No ha habido más suerte en cuanto al cariño de los castellanos y leoneses hacia los terruños de Aragón. La monarquía que había conquistado América y los territorios de Filipinas y el Pacífico, sentía como una rémora las constantes revoluciones catalanas en sus proximidades. Bastó con que llegase la Guerra de Sucesión para que Felipe V igualase los reinos peninsulares y suspendiese las constituciones autonómicas. Esto fue entre 1707 y 1717. A Cataluña, Aragón, Valencia y Mallorca se les suspendieron sus fueros particulares y hasta se les prohibió el ejercicio de su legislación en su propia lengua catalana.
Sin embargo no se nos olvide que, por el cambio de “statu quo”, los mercaderes y grandes catalanes participaron de algo en lo que no habían estado presentes nunca: el comercio con América (derecho exclusivo de Castilla y León, junto con los señoríos vascos y granadinos, hasta entonces) que les abrió la puerta a una de las peores mercaderías que ha podido hacer ser humano alguno: La Esclavitud.

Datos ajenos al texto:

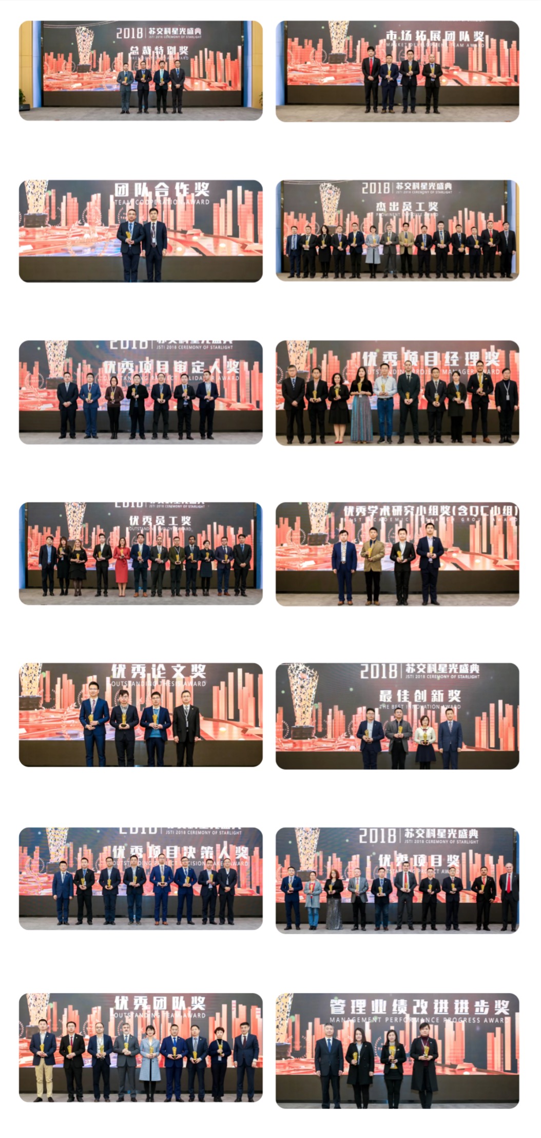 会议还表彰了2018年度集团在管理创新、学术科研、项目管理、市场拓展、团队合作等各方面涌现出来的一批优秀团队和个人。现场颁发了“最佳创新奖、管理业绩改进进步奖、优秀论文奖、优秀学术研究小组奖(含QC小组)、优秀员工奖、优秀项目经理奖、优秀项目审定人奖、优秀项目决策人奖、优秀项目奖、杰出员工奖、团队合作奖、市场拓展团队奖、优秀团队奖、总裁特别奖”等14项大奖。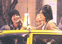 言承旭扶貌似金城武的露底男友人上的士,對方臨走時還摸摸言承旭的臉講拜拜。(來源:光華日報)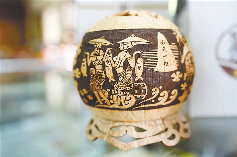 “这样的椰雕工艺品,年轻人会喜欢吗?”在椰雕厂里,余贤栋看到的工艺品,色彩偏黑,多为深棕色,制作上只是简单地打磨,再配上简约的图案。“年轻人追求新颖和独特,喜欢明亮的色彩。也许我可以朝这个方向努力。”余贤栋在心里定下了目标。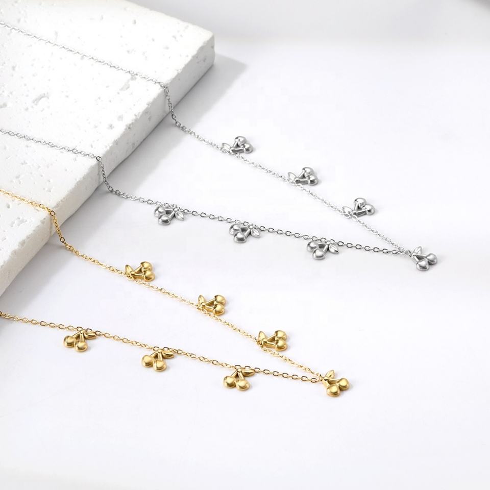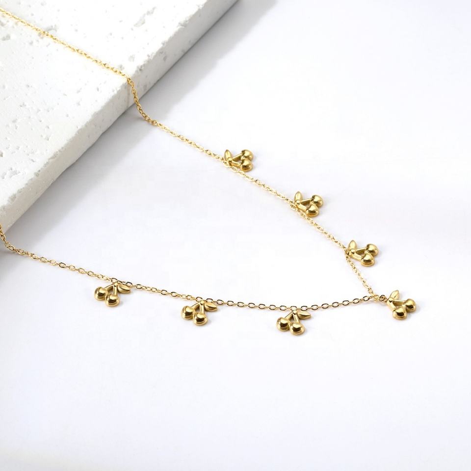 สร้อยคอจี้สแตนเลสสตีลชุบทอง 18K แบบกันน้ำ ไม่หมอง พร้อมจี้รูปเชอร์รี่ ดีไซน์สวยหรู ขายส่ง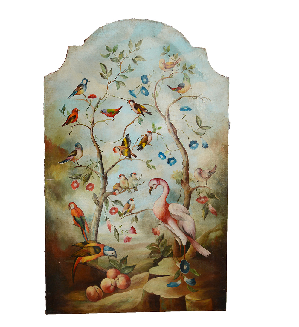 Ignoto "Uccelli su rami fioriti" antico dipinto ad olio su tela sagomata (cm 162x100) (difetti)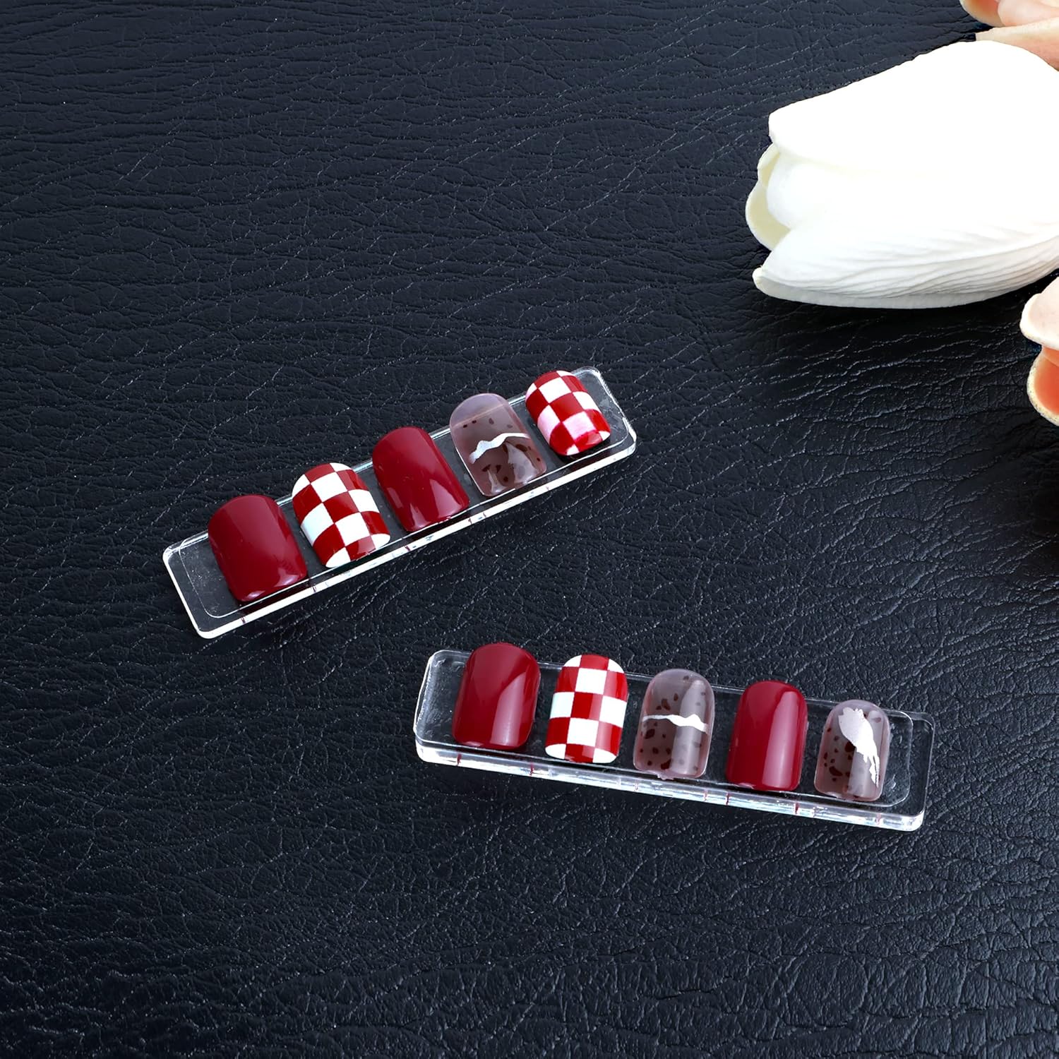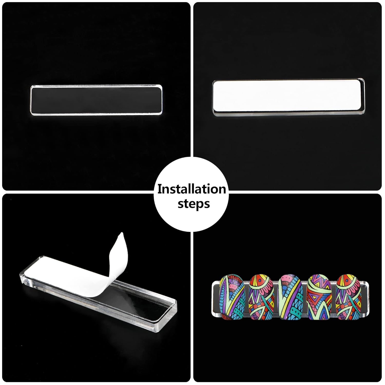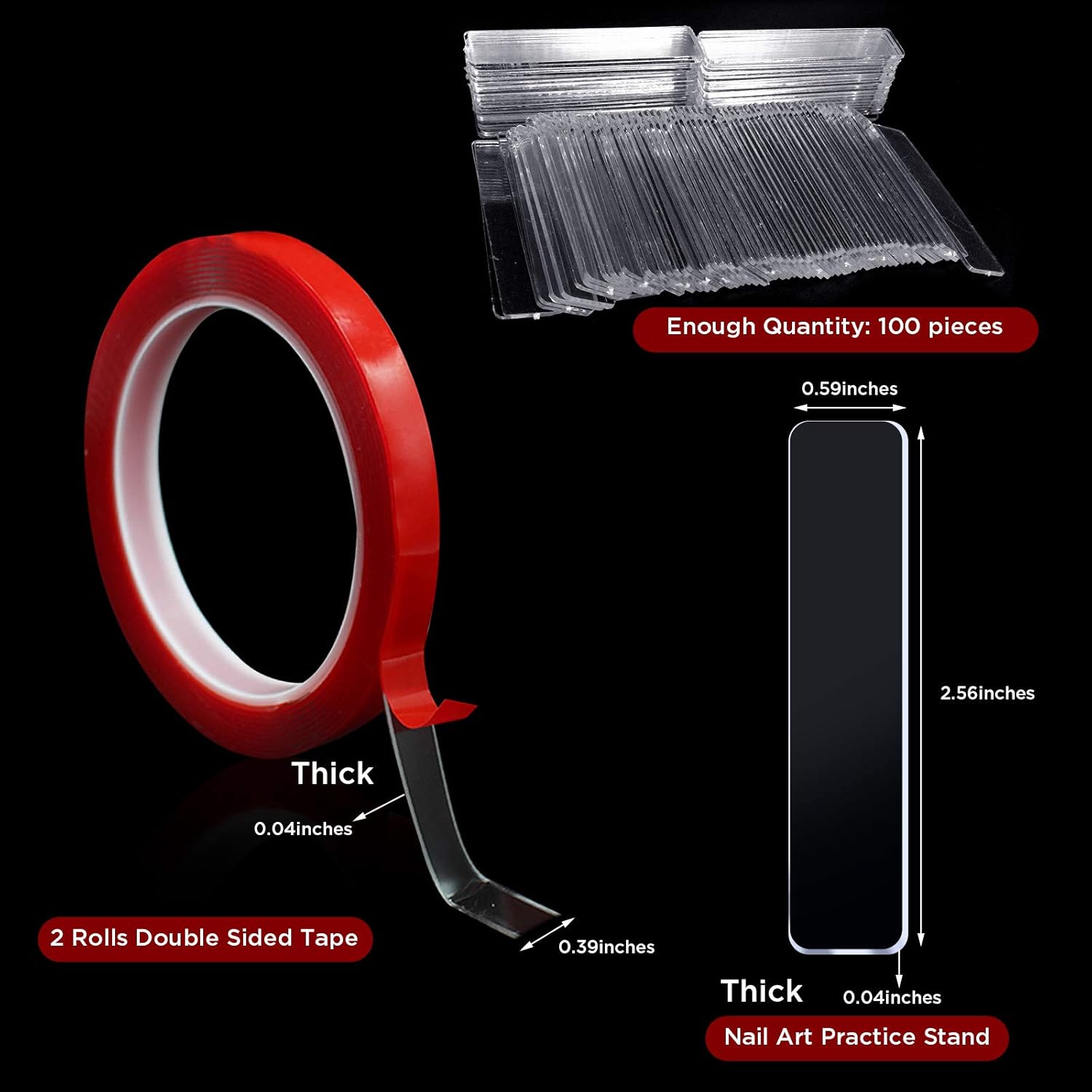 Hot Seller Transparent Nail Display Stand Holder with Double Sided Tape Nail Boxes Packaging for Press On Nail Art Acrylic Fake Nail Tips Display Stand with Removable Mounting Tape for Nail Salon and Home

También pudieron hacer tratos con ese último siglo final de la colonia Española en América y las riquezas que reportaron a las grandes ciudades y puertos de Barcelona, Tarragona y Gerona, fueron inconmensurables, aunque estén llenas de vergüenza y deshonor.
Y así las cosas llegamos a toda la serie de ordalías que marcan el final del colonialismo hispano y la resurrección de los nacionalismos en los que no faltan las descalificaciones de raza, lengua y religión. Los vascos de Arana y sus adláteres, tienen escritos, para todos aquellos que los quieran leer, párrafos que harían santo a Hitler. La Renaixença Catalana también tiene descalificativos a los primeros inmigrantes que harían enrojecer a los mayores partidarios del muro de Gaza o el de México.
Los nacionalismos, por más que se quieran disfrazar de otras cosas, no dejan de ser creencias en la superioridad de una raza, en su capacidad de trabajo, en la difamación con lo que ocurre en otras regiones del país o del mundo. Cuando la presunta izquierda abunda en esta diferenciación, aunque luego la disimule con otras letanías incomprensibles, yo no dejo de olvidar lo que dijeron los primeros que trataron de hacer que los trabajadores y trabajadoras de la Humanidad estuviesen juntos. Y más habida cuenta de la mezcla (bendita) de colores, regiones y lenguas que se juntan en el Mundo para dotarle de mayor diversidad y de un freno a la deriva genética.
Somos grandes porque somos muchos y muchas, venidos de cualquier parte, la mayoría pobres (a los ricos no se les pregunta su procedencia) y con ganas de salir de esa pobreza. Hemos arriesgado la vida para que los “Antecessor”, los “Heidelberghensis”, los laietanos, los béticos y los llegados desde cualquier parte del planeta Tierra, podamos convivir, disfrutar, fornicar y procrear, o no, según nos salga de los mismísimos…
Benjamín Hernández Caballero
(Dedicado, con amor inmortal, a mi sobrino Guillem Villalbí Hernández, hijo de mi hermana y de mi hermano catalán para siempre.)